In the beginning of the book, the protagonist, Liesel Meminger is 9 years old, and on a train with her mother and younger brother, to be taken to a family in Molching, Germany to become their foster daughter. Her mother is in no position to take care of her children and makes this very difficult decision. Her younger brother dies on the train. They stop in the next town to bury him. This is where she steals her first book. The relationships that develop between her foster parents, members of the neighborhood, her friendship with Rudy, her best friend and neighbor; Max, the Jew, as well as the Mayor’s wife, are wonderfully fleshed out by the author, and has the reader experiencing a variety of emotions. The story begins in 1939 and takes us in the 1940s where Hitler reigns with his evil spreading like a cancer. Death himself narrates this World War II story, and tells us Liesel’s story. There are great lines in this book.
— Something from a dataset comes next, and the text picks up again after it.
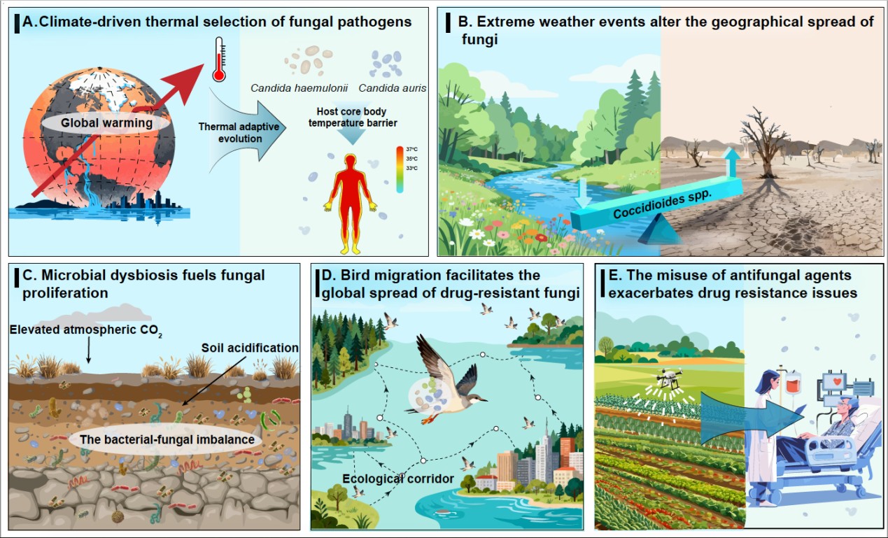 真菌病原體涌現的環境與人為驅動因素示意圖

Example: The narrator, Death himself, describes his job in this way: “I travel the globe as always, handing souls to the conveyor belt of eternity.” The final line in this book is spoken by our narrator Death, “I am haunted by humans.” As for me, I am haunted by the potential evil that is in all of us and what happens when we choose to unleash it. Case in point: The Fuehrer. I loved this book. I’m drawn to books that shows us the capacity of the human spirit, that despite evil and awful things that can happen in one’s life, especially at the hand of another, one can rise above it while still finding the good in life, in people, and still trust in humanity. This book tells a story well worth reading and experiencing. It's witty, charming, and poignant, and captures all the emotions.

Người đọc Hien Tang từ Küçükkızılkum/Bartın Province, Turkey

Người dùng coi những cuốn sách này là thú vị nhất trong năm 2017-2018, ban biên tập của cổng thông tin "Thư viện Sách hướng dẫn" khuyến cáo rằng tất cả các độc giả sẽ làm quen với văn học này.